Saturday, January 22, 2011

Theft of €30 Million in Virtual Assets Reported

The below was snipped from a post on virtual-economy.org based on a report in the Financial Times at FT. com

€30 million worth of industrial grade virtual goods reported stolen

By Vili Lehdonvirta 2011/01/21

Cyber-thieves have stolen approximately 30 million euros worth of carbon credits circulating in the EU Emissions Trading Scheme (ETS), authorities revealed yesterday. The carbon credits are entries in a distributed database maintained by EU states. Companies access their credits by logging into their online user account. Crackers used phishing-style attacks to obtain login credentials from companies, and transferred credits to other accounts.

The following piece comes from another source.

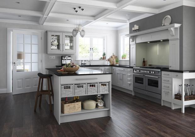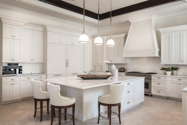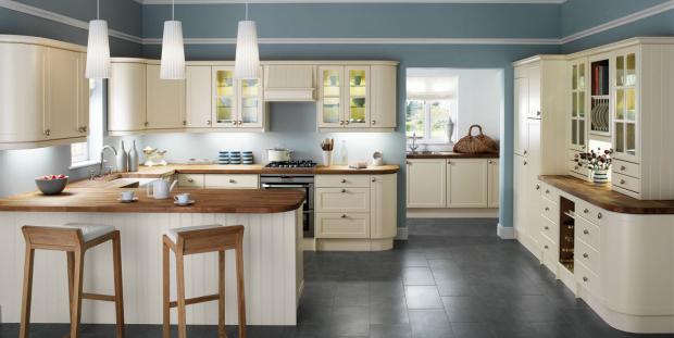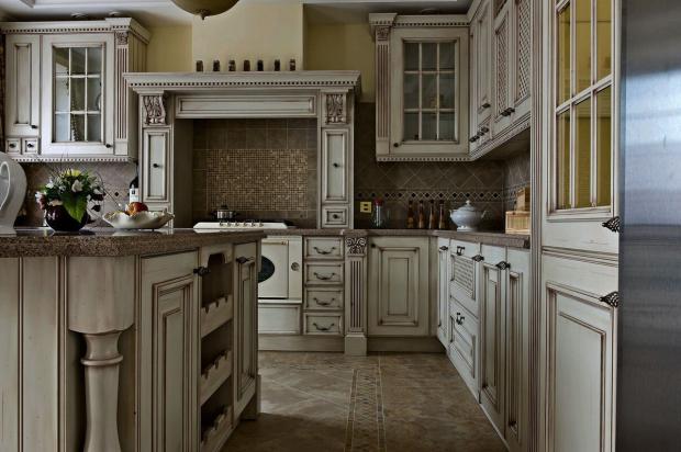 - Кухонный гарнитур из дерева, окрашенного в белый цвет.

This sounds familiar. Here's an interesting exercise: let's compare EU carbon credits with the virtual gold of the online game World of Warcraft. See if we can find a difference.

  • Both credits and gold are elements in an abstract system of rules, implemented as a computer program. Neither have any shape or function outside this system.
  • Both systems have a certain group of participants, and each participant has a "user account". Each credit/gold coin belongs to exactly one user account.
  • Both credits and gold can be transferred between accounts, but creating new ones is not possible; only the operators of the system can do that. Both are thus artificially scarce.
  • Both credits and gold can be exchanged to national currency by selling them to another participant who finds them so useful as to be willing to pay money for them.
  • Because of the above, both are targeted by cybercriminals who attempt to steal them through phishing attacks.

ETS credits are clearly the industrial version of game currency -- industrial grade virtual goods. Funnily enough, it seems from the news coverage that ETS has worse cybersecurity than WoW. Those who set up new virtual economies would do well to learn from their predecessors in the game industry.